Qualitative (categorical): 
• colours 
• names 
• types 

Quantitative (numerical): 
Separated into:

Discrete data (whole numbers) 
Continuous data (any value in a range)

Examples: 
• number of goals scored → discrete 
• height, weight, temperature → continuous 

-----------------------------------------------------------------------

2. Averages (Measures of Central Tendency)

Mean: 
Add all values, divide by number of values.

Median: 
Middle value when data is ordered.

Mode: 
Most frequent value.

Range: 
Difference between max and min.

Example: 
Data: 4, 7, 9, 9, 12 
• mean = 41 / 5 = 8.2 
• median = 9 
• mode = 9 
• range = 12 − 4 = 8

-----------------------------------------------------------------------

3. Frequency Tables

Example:

| Score | Frequency |
|-------|-----------|
|  1  |    3    |
|  2  |    7    |
|  3  |    5    |

Total responses = 3 + 7 + 5 = 15

Mean from table:

Code:
(1×3 + 2×7 + 3×5) / 15 = 2.13

-----------------------------------------------------------------------

4. Representing Data

• bar charts 
• pie charts 
• histograms 
• line graphs 
• scatter graphs 

Scatter graphs: 
Used to show correlation.

Types of correlation:
• positive 
• negative 
• none 

-----------------------------------------------------------------------

5. Probability Basics

Probability always lies between 0 and 1.

0 = impossible 
1 = certain

Probability of an event:

Code:
P(event) = number of favourable outcomes / total outcomes

Example:
Rolling an even number on a dice = 3/6 = 1/2

-----------------------------------------------------------------------

6. Mutually Exclusive Events

If events cannot happen at the same time:

Code:
P(A or B) = P(A) + P(B)

Example:
Rolling a 1 or a 6 = 1/6 + 1/6 = 2/6

-----------------------------------------------------------------------

7. Independent Events

Events that do NOT affect each other:

Code:
P(A and B) = P(A) × P(B)

Example:
Flipping two coins: 
P(Heads then Heads) = 1/2 × 1/2 = 1/4

-----------------------------------------------------------------------

8. Conditional Probability (Simple Version)

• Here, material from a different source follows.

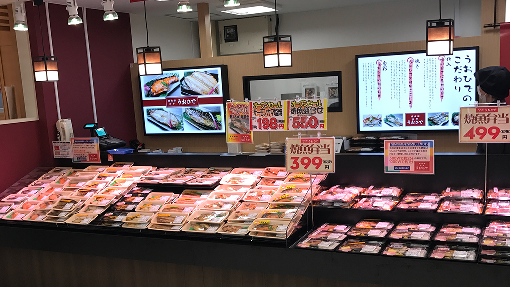 うおひでは旬の食材にこだわっています。「魚の旬」は今が一番おいしい時、 お客様に美味しい食材を提供するには、旬の食材が欠かせません。 うおひででは必ず旬の食材の売り場展開を行い、ポップで紹介し、 お客様をお迎えしています。
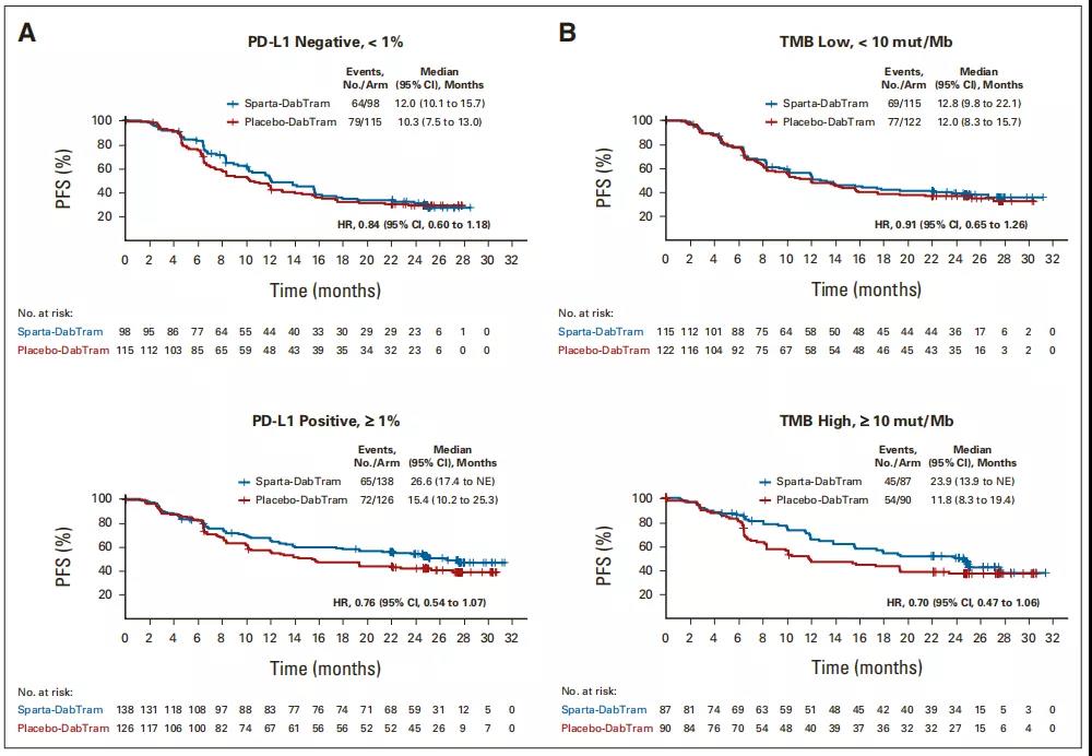 PD-L1状态似乎在两个治疗组中都具有预后意义,相较于PD-L1阴性(<1%)患者(HR 84),PD-L1阳性(≥1%)患者(0.76)的PFS获益趋势更明显;TMB-H(HR 0.70)和TMB-L(HR 0.91)也是如此。但这4种亚组患者中sparta-DabTram相较于安慰剂-DabTram均无PFS显着获益。

Probability of A happening given B has already happened:

Code:
P(A|B)

Example: 
If 3 cards are red out of 5 total and you remove one red, the probabilities change.

-----------------------------------------------------------------------

9. Distributions (Beginner Overview)

Uniform distribution: 
All outcomes are equally likely (e.g., dice roll).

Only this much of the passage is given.